Владимир стал готовиться к поступлению в Академию Генерального штаба. Старики Строльманы, прослышав про это, сделали неприступные лица, хотя и переглянулись довольно: они считали, что кавалерийский офицер только и умеет, что сабелькой сшибать макушки у репьев да сдергивать с головы кивер перед дамами, а Академия Генштаба – заведение серьезное, пожалуй, самое серьезное из всех учебных заведений России. Чтобы поступить в эту Академию, надо иметь отменные мозги.

– Может, простим их? Все-таки родная дочь, не чужая…

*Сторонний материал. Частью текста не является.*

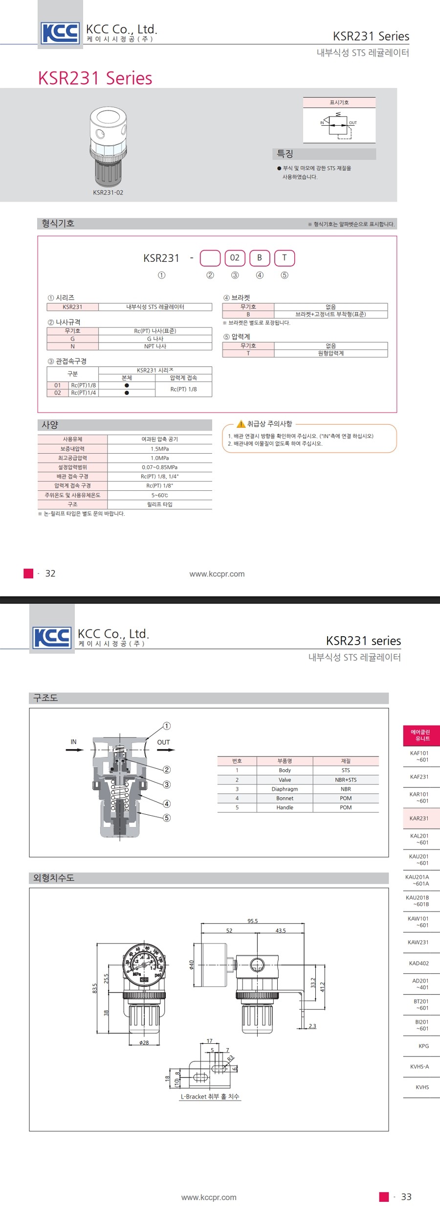 KSR231 시리즈 STS316 몸체 0.07~0.85 Mpa, Rc(PT) 1/8, 1/4

– Подождем, когда муженек ее в Академию поступит, – ответил супруге несгибаемый Строльман.

– А если не поступит?

– Тогда снова подождем.

Каппель был принят в Академию, и старики Строльманы оттаяли, признали его за своего. Директор пушечного завода облачился по этому поводу в парадный мундир и велел накрыть в честь зятя стол.

Жили супруги Каппели дружно. Ольга Сергеевна оказалась великолепной, очень бережливой хозяйкой, скромных денег, которые получал Каппель, им вполне хватало.

В 1909 году у супругов родилась дочь Таня, а в тревожном 1915-м, полном раненых, боли, невнятных новостей, запоздало приходивших с фронта, появился на свет сын Кирилл.

На фронт Владимир Каппель ушел в чине капитана Генерального штаба – обнял жену, прижался щекою к ее щеке, кончиками пальцев поправил тяжелый локон, свалившийся на висок, и прошептал едва слышно:

– Береги детей, Оля! – через несколько секунд, подождав, когда прекратит реветь паровоз, вставший в голову воинского эшелона, добавил: – Жди меня, ладно?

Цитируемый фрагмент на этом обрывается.